Transparence, le mot est lâché. Sa définition climatique est donnée par l’article 13 de l’Accord de Paris. En gros, chaque pays doit publier ses émissions, correctement évaluées, «communiquer des informations sur les effets des changements climatiques et sur l’adaptation». Les pays développés publiant le montant des aides octroyées aux pays vulnérables. Ces derniers devant évaluer l’aide dont ils ont besoin. Malgré le caractère universel de l’accord conclu en décembre 2015, une dose de ‘flexibilité’ sera tolérée, en fonction des capacités de chaque pays en développement. Les pays les moins avancés pourront même publier un bilan «à leur discrétion». Qui détermine les pays qui pourront bénéficier de ces tolérances? Les pays eux-mêmes, naturellement. La bonne nouvelle, souligne Yamide Dagnet, c’est que jusqu’à présent 44 pays seulement étaient tenus de faire cette revue nationale. Demain, ils seront 195.

Pertes et dommages

Ce sera l’un des gros morceaux de l’année 2023: le bilan mondial. La COP 29 devra faire le bilan mondial des politiques nationales. Pour ce faire, les gouvernements devront lister émissions, actions d’atténuation et d’adaptation, financements. Grosse victoire (encore symbolique pour l’instant): les pays les plus vulnérables pourront estimer le coût des conséquences du réchauffement sur leur territoire et le montant des pertes économiques, sociales, environnementales. De quoi donner un coup de pouce au mécanisme des Pertes et dommages, bâti en 2013 sur les rives de la Vistule, lors de la COP 19. Comme prévu, le premier bilan annuel sera réalisé en 2023, les autres suivront selon un rythme quinquennal.

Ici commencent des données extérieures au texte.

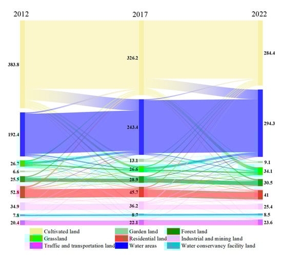 - From 2012 to 2022, the land area decreases from large to small are as follows: cultivated land, residential land, and industrial and mining land. The increases in area of land types from large to small are as follows: water areas, grassland, forest land, traffic and transportation land, garden land, and water conservancy facility land.

Talanoa relance l’ambition

Le dialogue Talanoa ne figure pas dans l’Accord de Paris. Et pour cause. Lancé en 2017 par la présidence fidjienne de la COP, ce successeur du dialogue de facilitation vise à faire un pré-bilan des actions et des pratiques mises en œuvre. Close à Katowice, cette discussion s’est achevée par un appel solennel: baisser de moitié les émissions mondiales d’ici 2030, maintenir une action multilatéraliste, faire agir de concert gouvernements et acteurs non étatiques. De quoi inciter les pays à renforcer sensiblement leurs ambitions dans les prochaines années. Ce à quoi l’Accord de Katowice ne les oblige pas formellement.

Des bilans minorés. Les futurs bilans nationaux d’émission de gaz à effet de serre devront avoir suivi les méthodologies définies par le Giec en 2006. Problème: cette méthode minore le pouvoir de réchauffement global du méthane (PRG de 21 à l’époque contre 28 aujourd’hui). Les bilans devront, en outre, utiliser le PRG sur 100 ans. Or la durée de vie du méthane n’excède pas une dizaine d’années. Pour remettre les pendules à l’heure, sept climatologues préconisent de donner 2.800 comme valeur de PRG au méthane.